- _WORKING DATA_:

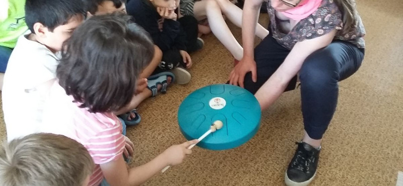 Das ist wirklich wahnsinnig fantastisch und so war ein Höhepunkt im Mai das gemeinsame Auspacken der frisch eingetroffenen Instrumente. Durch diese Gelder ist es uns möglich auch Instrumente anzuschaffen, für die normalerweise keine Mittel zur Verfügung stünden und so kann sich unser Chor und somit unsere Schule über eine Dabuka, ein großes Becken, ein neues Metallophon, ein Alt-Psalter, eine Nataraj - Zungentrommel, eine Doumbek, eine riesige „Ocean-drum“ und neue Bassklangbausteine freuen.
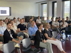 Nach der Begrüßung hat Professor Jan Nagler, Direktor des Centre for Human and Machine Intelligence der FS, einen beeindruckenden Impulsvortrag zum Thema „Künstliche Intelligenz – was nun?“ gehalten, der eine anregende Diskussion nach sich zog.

--

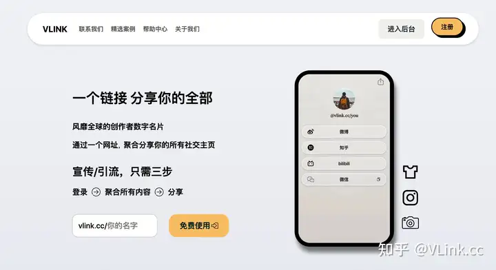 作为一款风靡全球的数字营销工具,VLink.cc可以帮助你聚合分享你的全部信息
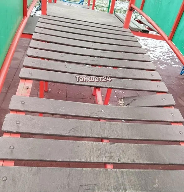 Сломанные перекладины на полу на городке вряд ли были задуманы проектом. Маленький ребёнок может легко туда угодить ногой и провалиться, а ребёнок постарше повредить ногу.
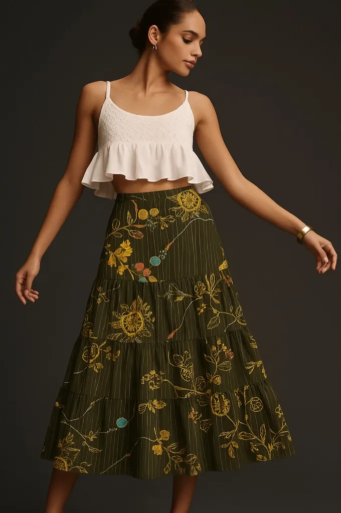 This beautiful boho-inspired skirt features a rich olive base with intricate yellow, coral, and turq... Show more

- _TRY IT_:
Among the entries above, copy exactly the stretch from the line holding "Das ist wirklich" through the line holding "Nach der Begrüßung", leaving out any pictures.

- _EXPECTED ANSWER_:
 Das ist wirklich wahnsinnig fantastisch und so war ein Höhepunkt im Mai das gemeinsame Auspacken der frisch eingetroffenen Instrumente. Durch diese Gelder ist es uns möglich auch Instrumente anzuschaffen, für die normalerweise keine Mittel zur Verfügung stünden und so kann sich unser Chor und somit unsere Schule über eine Dabuka, ein großes Becken, ein neues Metallophon, ein Alt-Psalter, eine Nataraj - Zungentrommel, eine Doumbek, eine riesige „Ocean-drum“ und neue Bassklangbausteine freuen.
 Nach der Begrüßung hat Professor Jan Nagler, Direktor des Centre for Human and Machine Intelligence der FS, einen beeindruckenden Impulsvortrag zum Thema „Künstliche Intelligenz – was nun?“ gehalten, der eine anregende Diskussion nach sich zog.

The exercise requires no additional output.